Ebay isn't as safe,from the way it sounds compared to Amazon, and seems to be getting worse. I go by the feedback,even if I want the item badly,if I see negative feedback,I don't bid or buy.. Ebay is getting to be more hit or miss,but you can buy safely ,just really read the feedback and use your credit card to pay so if anything goes wrong,your credit card should make it right.

It's also hard to find sellers that will ship to certain countries due to fraud.

Regular people just trying to sell on Ebay can register and list. I started as a buyer ,then listed a few things here and there to clean out closets and so on.I do list my jewellery and art work for sale and other personal items but I don't have an Ebay store since I don't sell much..

If someone feels more comfortable w/ Amazon,they should go that route.


----------



## RudyRoo (Jun 24, 2011)

almitra said:


> Never heard of the line.....is it widely used here?

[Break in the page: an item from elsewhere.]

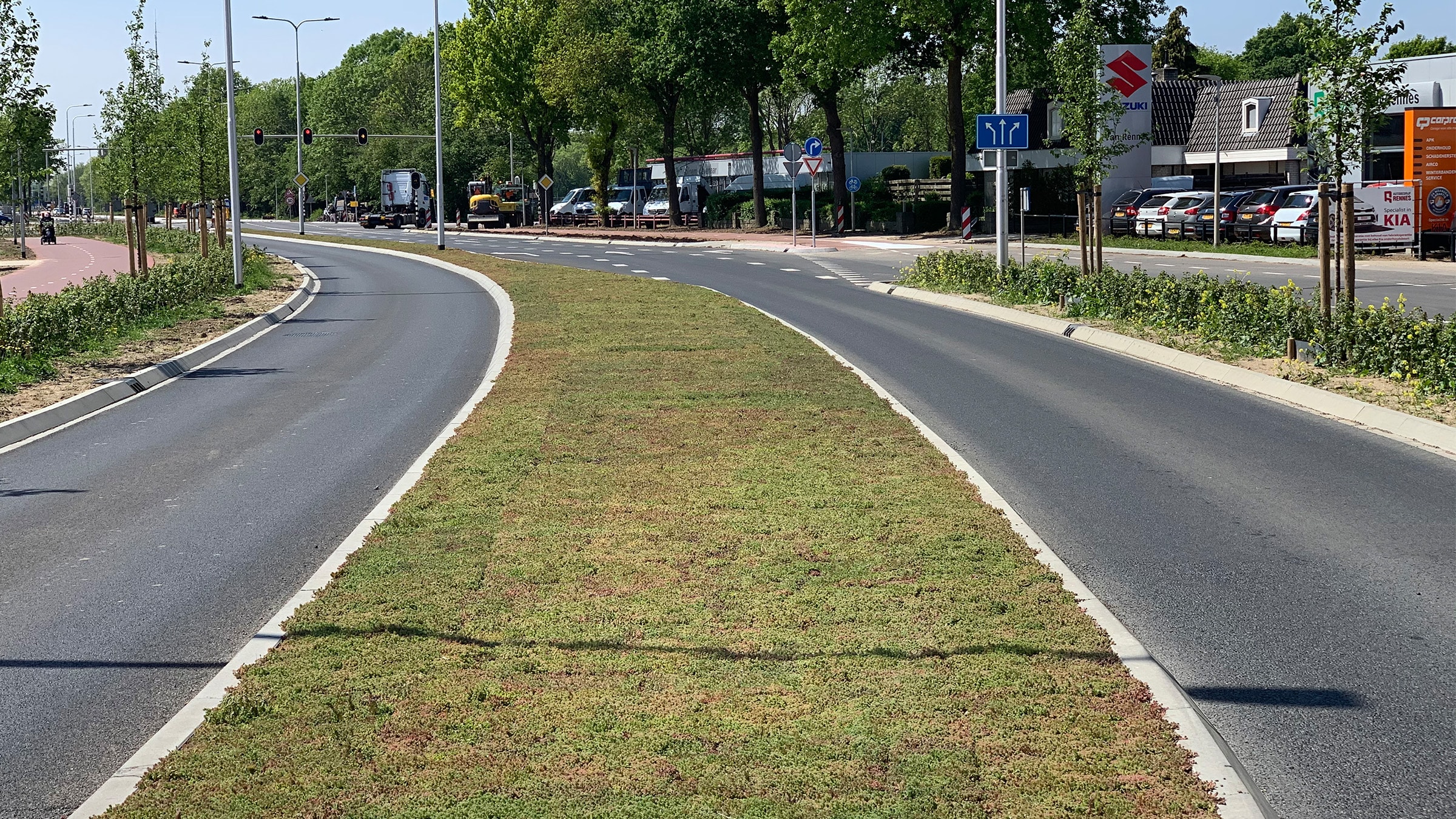 En Zevenaar, una ciudad neerlandesa cercana a la frontera alemana, se ha dado un giro verde a las infraestructuras. Una larga mediana y una isla de tráfico se han transformado con 1.100 m² de cubierta vegetal de Sedum, convirtiendo una franja antes gris y sin vida en una parte viva de la ciudad. El resultado no es sólo una calle más atractiva, sino un paisaje resistente y biodiverso que demuestra que las carreteras no tienen por qué ser estériles.

I haven't heard much about it on SM, but I can say that I really like their leave-in's and conditioning sprays. They smell really great, seem to be fairly gentle and don't leave any evidence on the hair. We also have the dry shampoo. It works about as good as any dry shampoo does, but I bet there are better products out there. I had no idea you can get the line at Petsmart! I don't think the Petsmart by us sells it.


----------



## muchan (Feb 23, 2011)

Lisa and Michelle, thank you so much for all the feedback that you guys provided me and I had decided to try my 1st on amazon cause I've had this toys that I wanted to get for my girls since last year but reluctant to do so. The only prob I had now is to think what product should I buy 1st cuz there're many different sellers and if I didn't search carefully and bought from each different seller in 1 time, then my money would have been spend for the shipping fees rather than the product itself :sweatdrop:


----------